* PROBLEM STATEMENT: In the entries below, find the line containing "Rack Bancada Para" and the line containing "ヨーロッパのイギリスで誕生し". Copy those two lines and everything between them exactly, without the pictures.

* EXTRACTED ENTRIES:
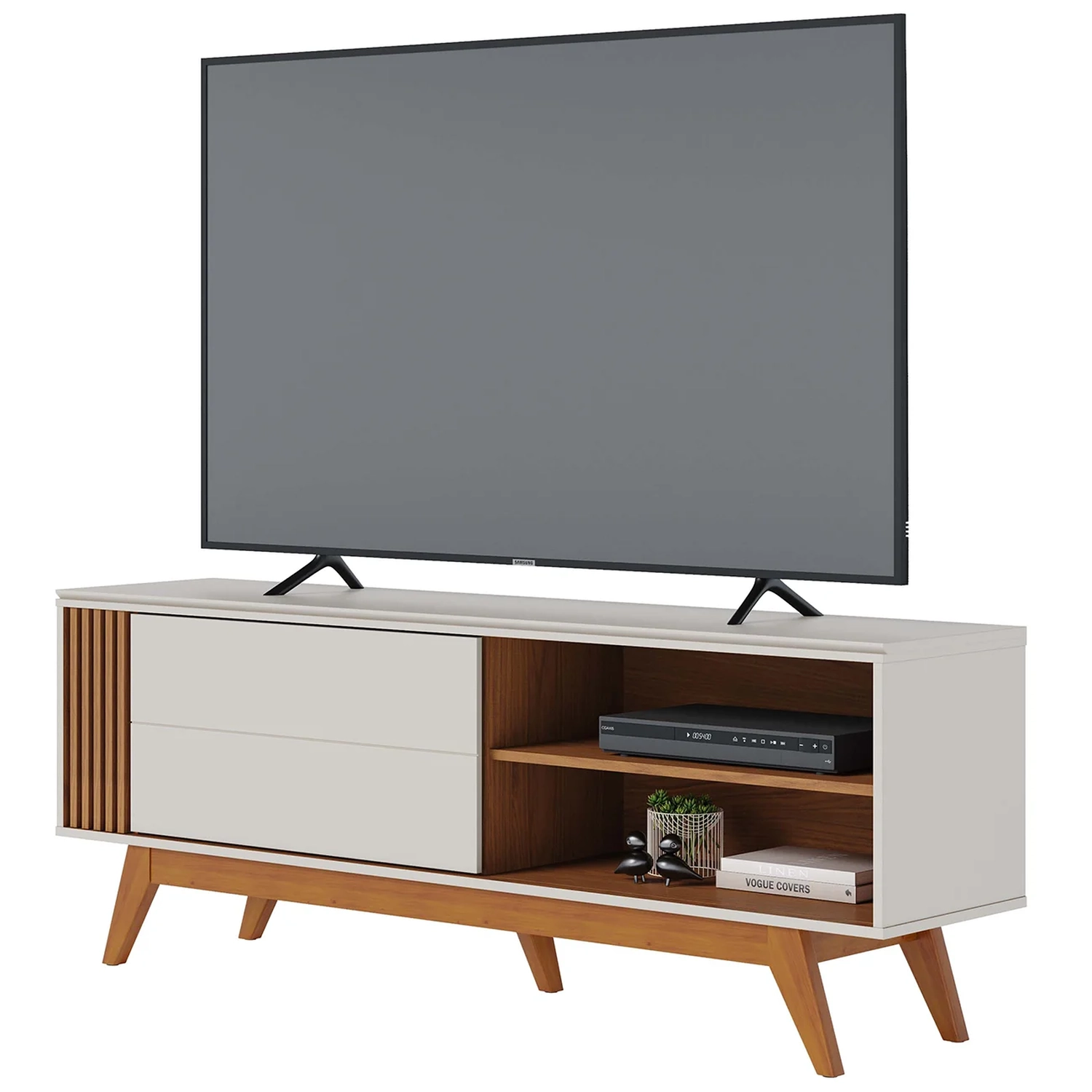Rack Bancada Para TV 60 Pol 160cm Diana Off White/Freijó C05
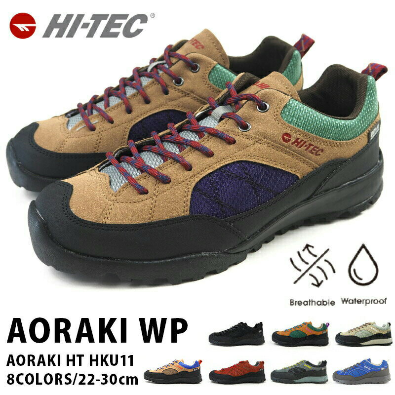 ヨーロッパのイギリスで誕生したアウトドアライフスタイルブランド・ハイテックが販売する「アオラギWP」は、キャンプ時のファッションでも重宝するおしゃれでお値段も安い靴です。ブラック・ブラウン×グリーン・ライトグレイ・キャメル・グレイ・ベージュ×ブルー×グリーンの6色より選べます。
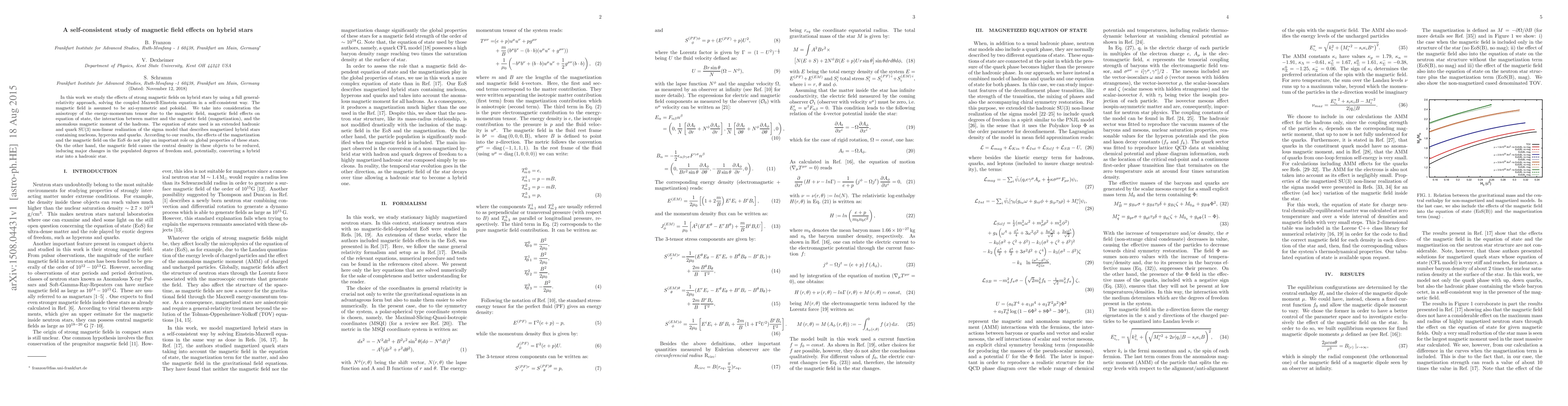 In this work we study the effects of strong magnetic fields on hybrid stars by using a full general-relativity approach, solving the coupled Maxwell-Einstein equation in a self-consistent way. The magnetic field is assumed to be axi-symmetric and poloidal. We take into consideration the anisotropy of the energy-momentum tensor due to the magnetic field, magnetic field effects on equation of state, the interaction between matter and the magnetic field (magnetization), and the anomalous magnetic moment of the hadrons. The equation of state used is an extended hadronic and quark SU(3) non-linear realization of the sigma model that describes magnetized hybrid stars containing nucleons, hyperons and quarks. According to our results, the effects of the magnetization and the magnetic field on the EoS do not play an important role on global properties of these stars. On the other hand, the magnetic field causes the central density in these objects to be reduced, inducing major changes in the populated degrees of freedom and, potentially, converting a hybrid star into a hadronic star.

==

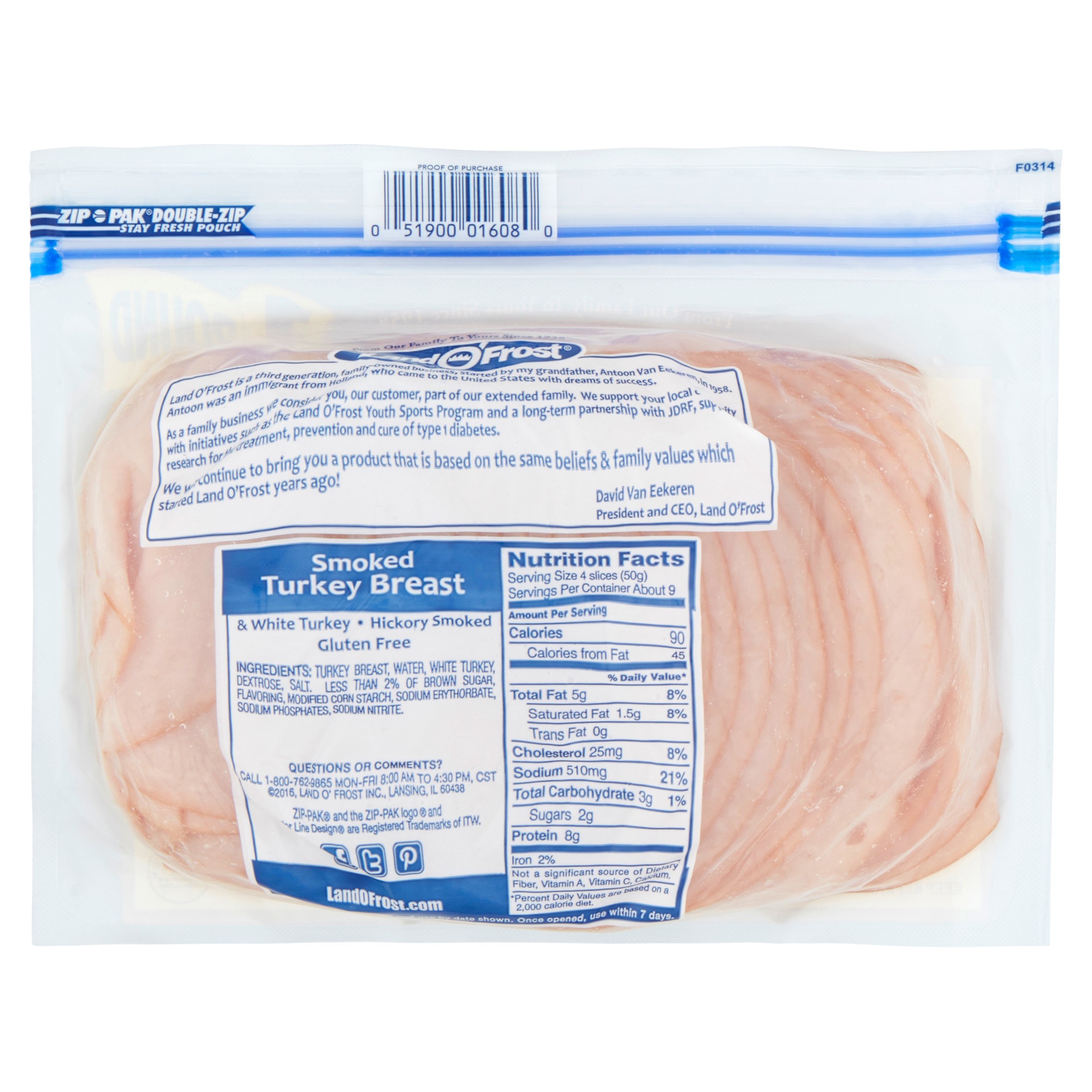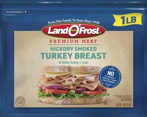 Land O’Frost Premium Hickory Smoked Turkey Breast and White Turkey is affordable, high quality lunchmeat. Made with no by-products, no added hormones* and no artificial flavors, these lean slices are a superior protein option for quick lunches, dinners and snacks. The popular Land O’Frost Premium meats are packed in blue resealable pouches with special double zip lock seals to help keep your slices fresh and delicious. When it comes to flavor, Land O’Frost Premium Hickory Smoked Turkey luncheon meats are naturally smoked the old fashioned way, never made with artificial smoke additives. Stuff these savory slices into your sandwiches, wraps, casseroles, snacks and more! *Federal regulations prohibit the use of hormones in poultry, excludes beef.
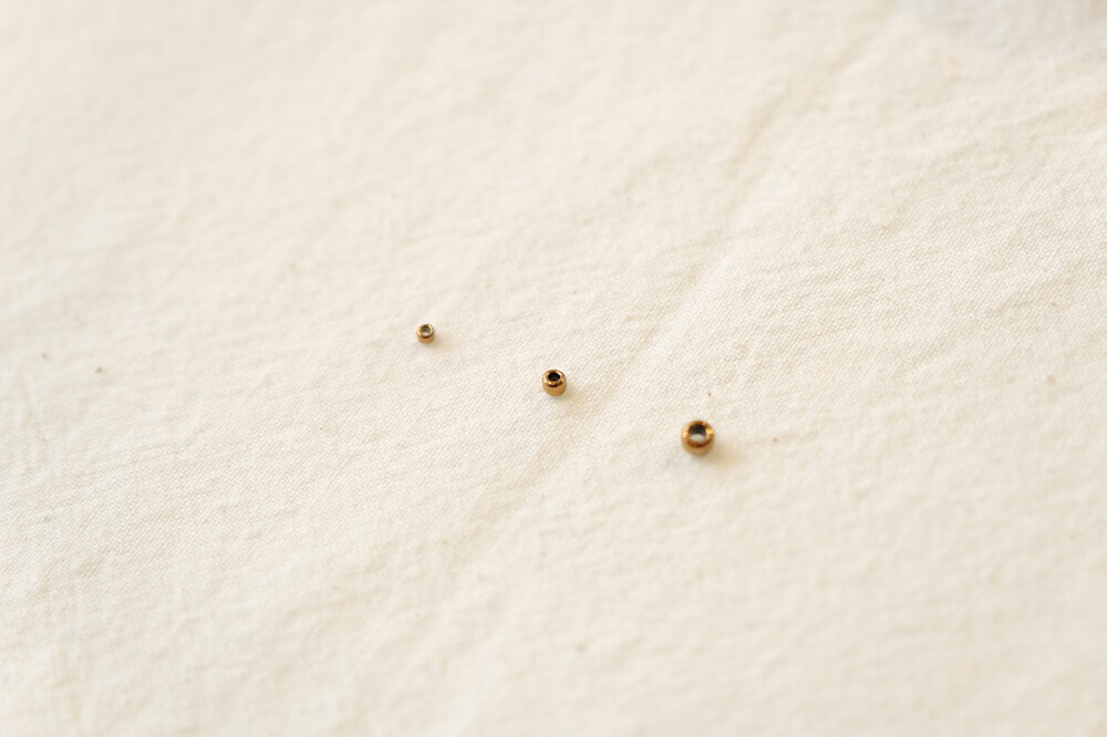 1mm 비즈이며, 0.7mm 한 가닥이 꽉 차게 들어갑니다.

* RESPONSE TO THIS TASK:
Rack Bancada Para TV 60 Pol 160cm Diana Off White/Freijó C05
 ヨーロッパのイギリスで誕生したアウトドアライフスタイルブランド・ハイテックが販売する「アオラギWP」は、キャンプ時のファッションでも重宝するおしゃれでお値段も安い靴です。ブラック・ブラウン×グリーン・ライトグレイ・キャメル・グレイ・ベージュ×ブルー×グリーンの6色より選べます。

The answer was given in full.